The confidence gap between the two camps on the likelihood of a clear outcome was echoed in voters’ thoughts about mail-in voting, a process the president has repeatedly – and often falsely – slammed as susceptible to fraud.

Seventy-seven percent of Biden supporters told the Pew researchers they were “very or somewhat confident” that absentee or mail-in ballots would be counted accurately. Meanwhile, just 36% of Trump supporters expressed the same confidence.

Still, Jones cautioned that while Trump supporters overall are indeed more skeptical of mail-in voting than Biden’s camp, the picture becomes more nuanced depending on where voters live.

“Many of the states that are conducting their election primarily by mail are places where more Democrats tend to live, so it’s places like California, Oregon, Washington,” he said. “Trump supporters who live in those places that are doing a lot of absentee balloting, they’re more supportive of the idea of absentee balloting than other Trump supporters living in other places.”

Conversely, he said, voters who live in more Republican-dominated areas of the South where mail-in voting is not as widespread tend to have lower confidence in the method.

“Some of that does seem to be just because people have less familiarity with it,” Jones said.

They survey also found signs of Americans bracing for what elections experts have cautioned could become less of an Election Day and more of an election week or even month.

While the vast majority of voters surveyed – 80% – said they believe it’s important for Americans to know the outcome of the election “within a day or two,” only half said they were confident that would actually happen.

More broadly, the survey results suggested an overall weakening of Americans’ faith in elections systems at the national level, though faith in local elections remains strong.

Ninety percent of those surveyed said they felt confident elections would run smoothly in their local communities, but only 62% said they had the same faith in elections nationwide.
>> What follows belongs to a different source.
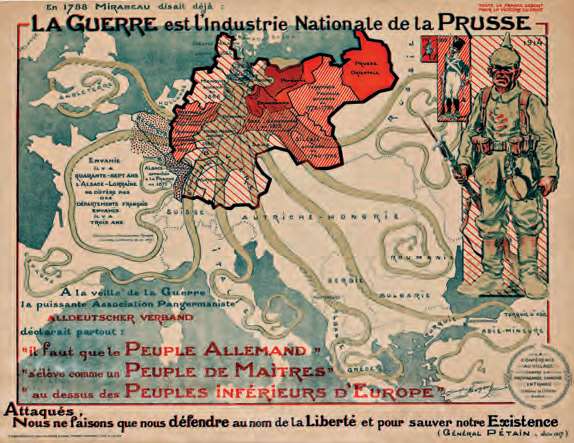 “战争就是普鲁士的国家产业。”第一次世界大战期间法国号召反抗普鲁士(即当时的德国)的宣传画,将其描绘成盘踞在欧洲地图上的一条章鱼(1917年)[参见第65章]

“The new survey finds that while large majorities of voters think that the elections in their community will be run and administered very or somewhat well, they are less confident in the administration of elections throughout the country,” Pew Research Center said in its report on the survey results. “And voters’ confidence in elections in the United States has declined since 2018 – with most of the change coming among voters who supported Republican candidates then and Trump today.”